# Habanos Ring Gauge for a Shorter Smoke



## Joe Sticks (May 31, 2016)

Hi everyone. I did a search on this topic and the results were from several years back so I thought I'd bring it up again. With winter here, I've been enjoying smaller cigars that I can smoke in 45 minutes or less. (In general, I'm not a fast smoker.) It's been too cold outside to really enjoy an hour to 90 minute cigar ! During warmer months I tend to smoke robusto and toro sized cigars with ring gauges running about 50-52. That may be outta long habit, more than any other factor. But, I'm really coming to appreciate smaller cigars. There are also some excellent values out there in these cigars, and I definitely like that.

Here's my question please - what do you prefer in shorter time-of-smoke habanos ? Smaller ring gauge & longer or larger ring gauge and shorter length ? Is there a minimum ring gauge Cuban that you'll smoke ? Why ? Maybe no generalities can be made regarding sizes & it comes down to the individual cigar ? What do you think ? Thanks


----------



## Rondo (Sep 9, 2015)

My go to 20 minute smoke with coffee after breakfast is an ERdM demitasse.
Next up would be the 45 minute Partagas Short.


----------



## SeanTheEvans (Dec 13, 2013)

Longer = more time to smoke. RG has much less effect on smoking time.

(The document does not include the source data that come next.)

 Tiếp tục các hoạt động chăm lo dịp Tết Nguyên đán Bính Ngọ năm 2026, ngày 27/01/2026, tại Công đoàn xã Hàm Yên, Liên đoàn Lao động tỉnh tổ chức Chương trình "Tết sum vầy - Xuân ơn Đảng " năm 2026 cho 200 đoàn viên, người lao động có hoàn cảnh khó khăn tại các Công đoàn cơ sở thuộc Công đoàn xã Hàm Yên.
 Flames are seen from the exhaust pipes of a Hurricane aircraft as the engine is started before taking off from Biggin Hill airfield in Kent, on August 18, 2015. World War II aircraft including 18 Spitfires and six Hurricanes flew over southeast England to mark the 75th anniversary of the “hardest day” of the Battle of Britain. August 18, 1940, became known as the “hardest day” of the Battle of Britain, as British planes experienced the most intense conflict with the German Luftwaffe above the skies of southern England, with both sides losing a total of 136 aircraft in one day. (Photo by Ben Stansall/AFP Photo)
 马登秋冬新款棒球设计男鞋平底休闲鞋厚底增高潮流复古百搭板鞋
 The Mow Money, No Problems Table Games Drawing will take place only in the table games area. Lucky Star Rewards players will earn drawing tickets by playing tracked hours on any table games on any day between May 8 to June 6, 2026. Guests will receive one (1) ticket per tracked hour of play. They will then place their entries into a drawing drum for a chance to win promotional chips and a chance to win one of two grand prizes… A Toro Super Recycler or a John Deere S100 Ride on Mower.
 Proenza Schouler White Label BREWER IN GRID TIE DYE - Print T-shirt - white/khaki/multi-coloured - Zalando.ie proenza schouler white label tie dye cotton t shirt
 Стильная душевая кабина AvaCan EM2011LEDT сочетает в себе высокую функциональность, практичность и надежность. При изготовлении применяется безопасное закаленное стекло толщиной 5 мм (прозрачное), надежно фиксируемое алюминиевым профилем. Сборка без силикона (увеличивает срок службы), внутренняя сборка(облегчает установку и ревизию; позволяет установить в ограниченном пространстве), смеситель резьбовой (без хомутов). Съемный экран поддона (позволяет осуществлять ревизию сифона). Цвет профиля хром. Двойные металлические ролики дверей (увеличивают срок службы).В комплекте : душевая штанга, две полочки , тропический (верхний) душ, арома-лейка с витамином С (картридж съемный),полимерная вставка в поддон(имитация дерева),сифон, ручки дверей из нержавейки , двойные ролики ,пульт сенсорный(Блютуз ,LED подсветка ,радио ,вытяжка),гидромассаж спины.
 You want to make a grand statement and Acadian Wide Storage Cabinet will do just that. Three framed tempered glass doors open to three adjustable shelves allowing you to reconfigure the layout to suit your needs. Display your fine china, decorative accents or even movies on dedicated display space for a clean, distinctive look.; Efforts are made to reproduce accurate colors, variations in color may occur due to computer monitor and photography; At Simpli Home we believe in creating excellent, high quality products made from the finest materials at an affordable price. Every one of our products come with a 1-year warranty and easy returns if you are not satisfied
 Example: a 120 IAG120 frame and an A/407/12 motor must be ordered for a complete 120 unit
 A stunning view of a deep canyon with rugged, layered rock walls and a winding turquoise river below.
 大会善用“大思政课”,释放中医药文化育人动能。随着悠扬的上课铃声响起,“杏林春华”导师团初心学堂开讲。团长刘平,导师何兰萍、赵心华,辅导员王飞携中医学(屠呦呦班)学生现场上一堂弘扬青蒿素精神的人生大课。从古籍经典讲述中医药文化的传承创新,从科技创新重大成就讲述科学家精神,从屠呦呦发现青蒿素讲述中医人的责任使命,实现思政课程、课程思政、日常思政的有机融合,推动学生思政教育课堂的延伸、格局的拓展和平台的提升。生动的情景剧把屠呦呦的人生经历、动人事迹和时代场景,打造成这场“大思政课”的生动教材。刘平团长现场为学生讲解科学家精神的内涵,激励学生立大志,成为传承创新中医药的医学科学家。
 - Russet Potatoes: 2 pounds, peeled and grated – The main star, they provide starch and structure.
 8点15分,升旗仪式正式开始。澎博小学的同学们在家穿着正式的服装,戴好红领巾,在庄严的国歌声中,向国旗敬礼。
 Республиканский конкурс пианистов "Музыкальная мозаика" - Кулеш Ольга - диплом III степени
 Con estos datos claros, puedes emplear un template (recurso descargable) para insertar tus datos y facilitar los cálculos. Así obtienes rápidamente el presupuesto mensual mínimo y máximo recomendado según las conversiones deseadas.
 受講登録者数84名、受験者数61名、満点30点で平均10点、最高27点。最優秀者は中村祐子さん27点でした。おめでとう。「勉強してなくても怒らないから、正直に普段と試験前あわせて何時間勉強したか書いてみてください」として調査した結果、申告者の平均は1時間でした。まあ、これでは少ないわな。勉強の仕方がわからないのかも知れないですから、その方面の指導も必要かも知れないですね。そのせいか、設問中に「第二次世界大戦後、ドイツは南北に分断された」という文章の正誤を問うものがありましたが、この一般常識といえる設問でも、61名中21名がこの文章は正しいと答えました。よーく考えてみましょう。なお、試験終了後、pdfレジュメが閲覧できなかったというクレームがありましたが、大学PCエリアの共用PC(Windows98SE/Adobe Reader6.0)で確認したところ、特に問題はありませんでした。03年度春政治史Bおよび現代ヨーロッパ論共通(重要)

For that reason, I try to smoke cigars 4" or less. That gets me about an hour or less (hopefully). The RG of these cigars is usually under 50 and can go as low as 30ish

Robusto takes too long for me, so what you're asking is literally what I smoke all year round - short cigars!

Anything with the words "Short" "Petit" "Half" usually works well!


----------



## TonyBrooklyn (Jan 28, 2010)

For me it is any Petite Corona take your pick in the Cuban world they really are the best.
45 Minutes out of a Party short And Robusto takes to long. I wish i could smoke as slow as you guys it would cut my cigar bill in half .lol.
All joking aside the point i am trying to make is. Like taste smoking itself is very subjective. Gotta run Happy New Year!!!!!!!!!!!


----------



## Bird-Dog (Oct 16, 2009)

Personally, I've soured on anything under 38 RG unless it's a coffee-break mini.

Although I don't have weather concerns, I do smoke a lot of smaller cigars. I favor mid-RG's regardless of length; so my "time constraint go-tos" are:

Half Coronas (HUHC & MMC) - 3.5" x 44
Minutos (BCJ, RASSC, SCdlH EP, & Parti Shorts) - 4.3" x 42
RG Perlas - 4" x 40
Vegueros Mananitas - 3.9" x 46


----------



## avitti (Jun 4, 2011)

Use to really really enjoy smoking the Cohiba Siglo 1 and Trinidad Reyes--40 rg --4 and 4.3 inches
but they priced them so high not worth buying and smoking daily anymore.

Upmann epicure 35 rg 4.3 inches are a good cheap 20-25 minute smoke
Upmann HalfCorona- 44 rg--3.5 inch--might be the most complex small smoke 

Por Larranaga Panetelas-36 rg--5 inch -decent very cheap and cheerful smoke


----------



## Scott W. (Jul 10, 2008)

Boil PC, you'll thank me later


----------



## UBC03 (Nov 18, 2015)

Scott W. said:


> Boil PC, you'll thank me later


Boli PC ?????

Sent from my SM-G925V using Tapatalk


----------



## Bird-Dog (Oct 16, 2009)

Boiled cigars get kinda' slimy, like boiled peanuts.


----------



## talisker10 (Nov 6, 2015)

Monte 5 is good, 4x40


----------



## Navistar (May 24, 2016)

I like the RG perlas and SCDLH el principe


----------



## UBC03 (Nov 18, 2015)

curmudgeonista said:


> Boiled cigars get kinda' slimy, like boiled peanuts.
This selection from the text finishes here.